▶ **Given records**:
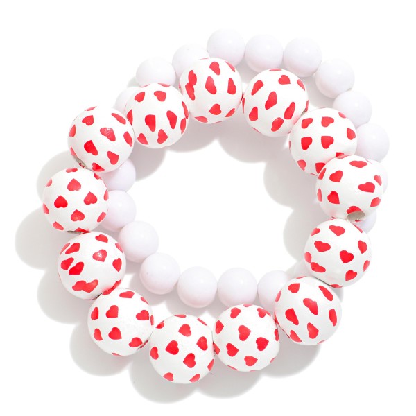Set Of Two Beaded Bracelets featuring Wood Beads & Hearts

* * *

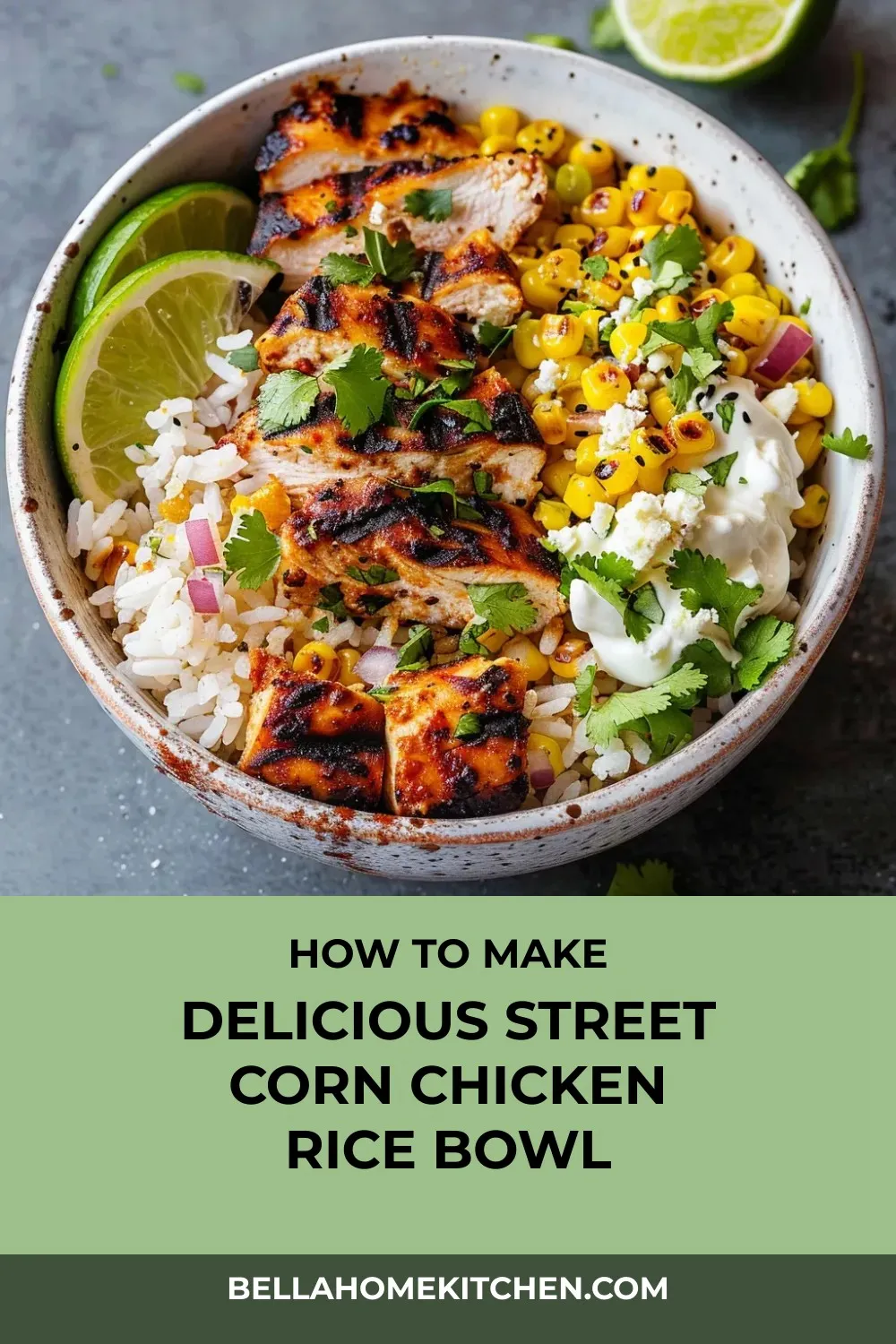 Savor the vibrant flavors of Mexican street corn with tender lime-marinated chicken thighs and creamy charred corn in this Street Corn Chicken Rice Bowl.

==

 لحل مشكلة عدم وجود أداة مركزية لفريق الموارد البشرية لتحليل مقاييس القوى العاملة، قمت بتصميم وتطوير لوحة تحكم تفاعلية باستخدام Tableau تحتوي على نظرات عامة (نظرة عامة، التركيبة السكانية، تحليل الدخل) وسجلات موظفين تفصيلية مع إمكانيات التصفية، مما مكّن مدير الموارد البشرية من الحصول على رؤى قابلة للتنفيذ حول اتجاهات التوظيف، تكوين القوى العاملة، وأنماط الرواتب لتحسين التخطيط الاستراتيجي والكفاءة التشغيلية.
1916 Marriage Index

▶ **Your goal**: Which lines above run from the one containing "لحل مشكلة عدم" down to the one containing "1916 Marriage Index"? Repeat exactly those, both ends included, and nothing else.

▶ **Reply to the exercise**:
 لحل مشكلة عدم وجود أداة مركزية لفريق الموارد البشرية لتحليل مقاييس القوى العاملة، قمت بتصميم وتطوير لوحة تحكم تفاعلية باستخدام Tableau تحتوي على نظرات عامة (نظرة عامة، التركيبة السكانية، تحليل الدخل) وسجلات موظفين تفصيلية مع إمكانيات التصفية، مما مكّن مدير الموارد البشرية من الحصول على رؤى قابلة للتنفيذ حول اتجاهات التوظيف، تكوين القوى العاملة، وأنماط الرواتب لتحسين التخطيط الاستراتيجي والكفاءة التشغيلية.
1916 Marriage Index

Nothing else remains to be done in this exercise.